Assumedly at this point the dog hasn't learned how to run script kiddie php exploits, otherwise your statement is correct.

It's a very good point: why would you? I could see you using your amazon.com account for one of their subsidiaries but a global, public identification system - regardless of data stored - just screams "hack me". What's worse: unless you're a company with big buying power (like Microsoft) you're not going to have invested in security necessary to protect those back-end servers from every HTTPD/mySQL/BIND? exploit out there meaning one lucky strike could potentially compromise every user on the system.

ouch.

-Matt

But, LDAP is standard

[freeduke]

Ok, here comes a new API for login?? What about LDAP, isn't it secure, reliable and efficient? So Why do people have to reinvent the wheel everytime? It would be far more constructive to think about a way to integrate and interface a huge Internet distributed LDAP structure, and have a clear standard to implement the way it works...

Every website could have a root server for it's zone, registering new users' LDAP root server for authentification. They could also be third party LDAP server provider: ISP could be part of it, because they have go the login/pass associated to your connection, and they are already running LDAP servers.

Good SPAM

Good for spamming: http://www.myuid.com/api/usercard.php?uid=1

Where's the security?

Markus Diersbock

Re:Are we sure this is for real?

[NanoGator]

"Why do you expect there to be a lot of Frequently Asked Questions before there are any users to ask ANY questions?"
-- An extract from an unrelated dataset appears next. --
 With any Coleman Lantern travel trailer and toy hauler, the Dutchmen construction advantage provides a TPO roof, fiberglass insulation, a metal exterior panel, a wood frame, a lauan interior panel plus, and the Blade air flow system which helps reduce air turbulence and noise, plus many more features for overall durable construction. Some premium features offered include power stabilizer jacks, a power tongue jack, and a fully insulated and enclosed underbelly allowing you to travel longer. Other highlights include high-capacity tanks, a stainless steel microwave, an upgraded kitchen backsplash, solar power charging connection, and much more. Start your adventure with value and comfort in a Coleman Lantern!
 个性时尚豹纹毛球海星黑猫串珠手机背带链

Nobody's asking "what is it?"

Re:Flying solo?

[SpootFinallyRegister]

Declare standards? Looks a little more like a piece of software written without a specification, much less a plan. At this point, after going through the website and glancing at code, I have a hard time rating this at anything above the beginning of an idea. Learning by working on things is good. Punching out code that is supposed to be a standard without writing at least something down about it first is a disaster.

The "My" prefix

[chickenwing]

Oh great, yet another thing with the "My" prefix. It has to be my #1 pet peeve in all of computing. It seems to be some kind of conspiracy by marketing people to force us all to use baby-talk to do anything with a computer.
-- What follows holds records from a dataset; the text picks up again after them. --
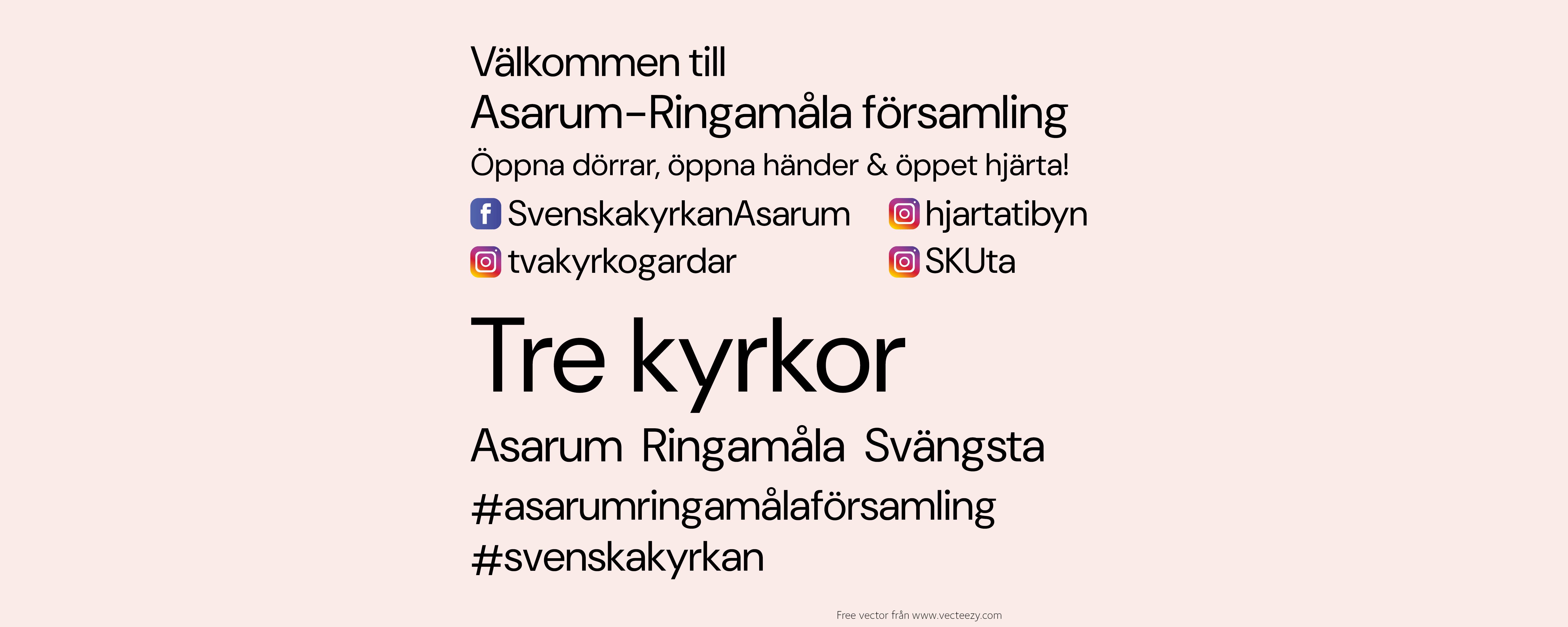 Välkommen till Asarum-Ringamåla församling tre kyrkor! Här har människor i generationer mött Gud genom gudstjänster, kyrkliga handlingar, konserter, etc. Här kan du stanna till i tystnad och stillhet och tända ett ljus.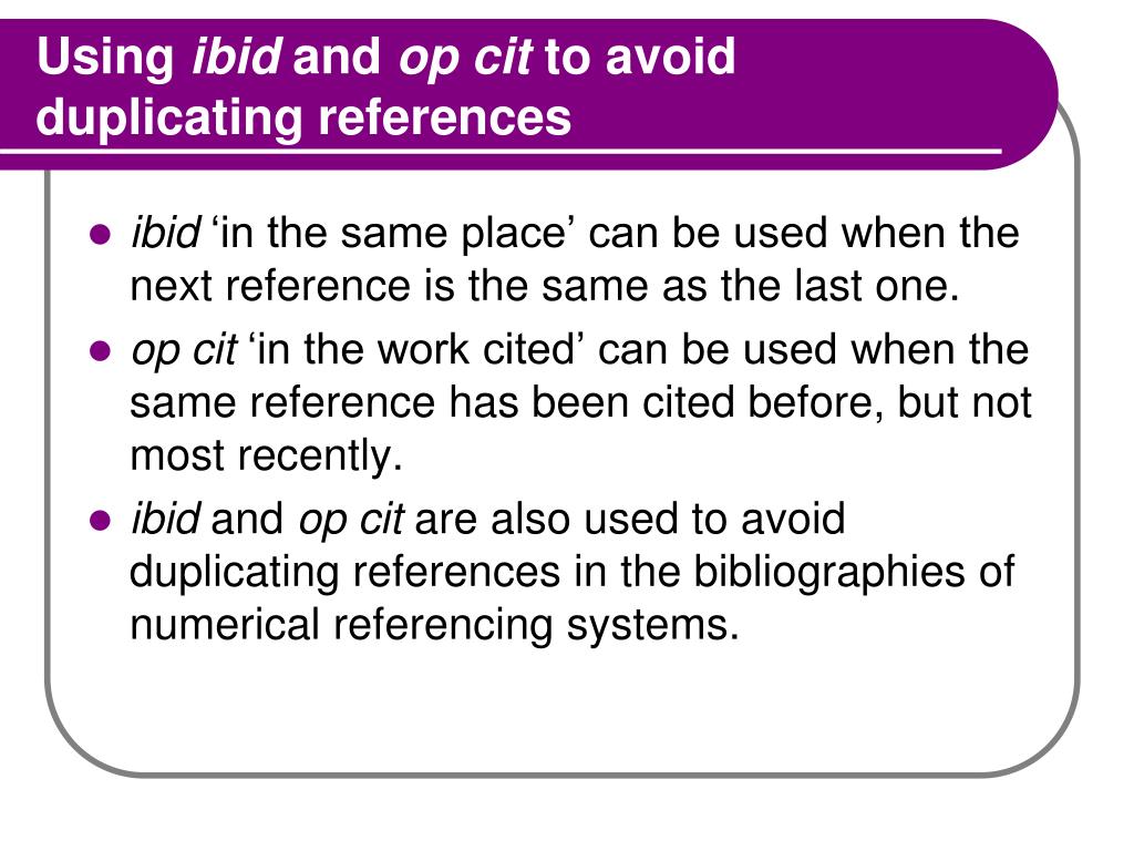 Using ibid and op cit to avoid duplicating references • ibid ‘in the same place’ can be used when the next reference is the same as the last one. • op cit ‘in the work cited’ can be used when the same reference has been cited before, but not most recently. • ibid and op cit are also used to avoid duplicating references in the bibliographies of numerical referencing systems.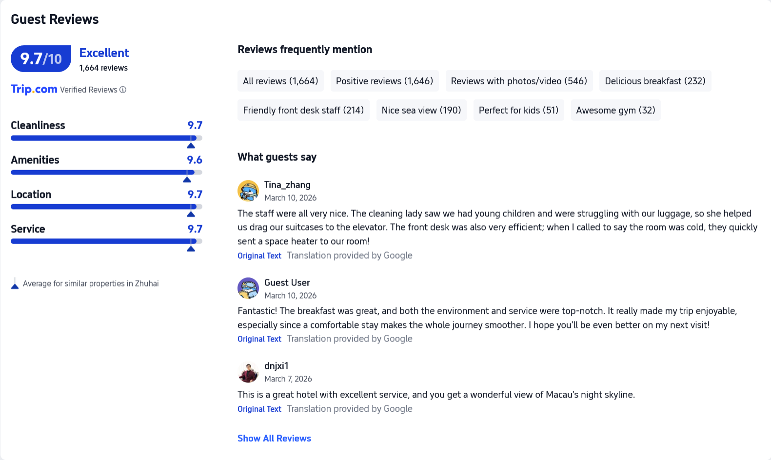 珠海橫琴海景城際酒店坐落於橫琴金融島港澳金融中心的核心地段,是一家於2025年全新開幕的飯店,可飽覽澳門及地標性建築澳門塔的壯麗全景。這間潔淨如新的飯店距離橫琴港僅幾步之遙,步行3分鐘即可抵達華發購物中心。飯店的每個角落都擁有令人嘆為觀止的海景,是商務和休閒旅客尋求現代舒適體驗和壯麗景色的理想之選。.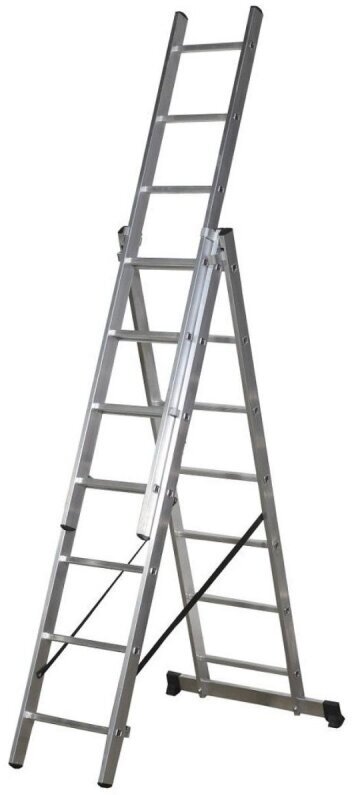Лестница трехсекционная алюминиевая, 3 х 9 ступеней, H=257/426/591 см, вес 11,18 кг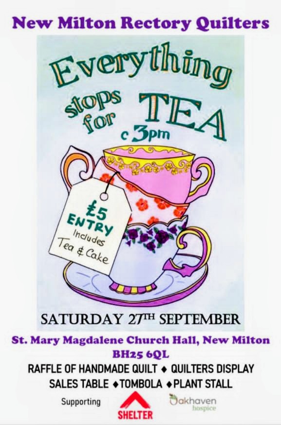 The Tea At Three this year will be in aid of Shelter and Oakhaven Hospice ...We hope you are able to come and support us in the usual way.

Part of what bothers me about this phenomenon is that the word "My" is so selfish. I think a lot of the problems we are seeing on the Internet come from this selfishness (spam, viruses). "My" is so vague and relative. Why not give "My Computer" a name so more than one person can talk about it. "My" is usually not accurate. Computers and other resources are frequently shared.

I can't even begin to understand what "MySQL" is supposed to mean.

It seems like I'm alone on this one though. Everyone acts like I'm crazy when I try to discuss this. Anyone else out there feel this way about the word "My"? Maybe we can form some type of support group.

What is this?

[binkzz]

It's nothing more than a day's work. There is nothing to speak of, the passwords aren't stored encrypted and no intelligent thought seems to have been put into it. As someone else already mentioned, anyone can take the entire user database with personal information from the site (everything except the password). If I were to run a site using the MyUID, I could obtain users' MyUID passwords as they tried to log in on my site, giving full access to any user's account who logs in via my site. Outrageous!

Interestingly, it does say in the ToS:

MyUID will not give or sell your private account information or your password to anyone,

which seems a lie. But it goes on!

MyUID will supply any information we have about you to law enforcement officials if neccessary.

They'll rat on you even if not required by law. Yay!

In order to use MyUID, you must be a human over 13 Earth years old, living in a state where internet usage is legal.

... Wow..

The FAQ has two questions, one of which is 'Can penguins fly?'. I wouldn't hold my breath for this service to become very big.

Registered user #1 is mastergoon, so this is just blatent self-advertising on slashdot.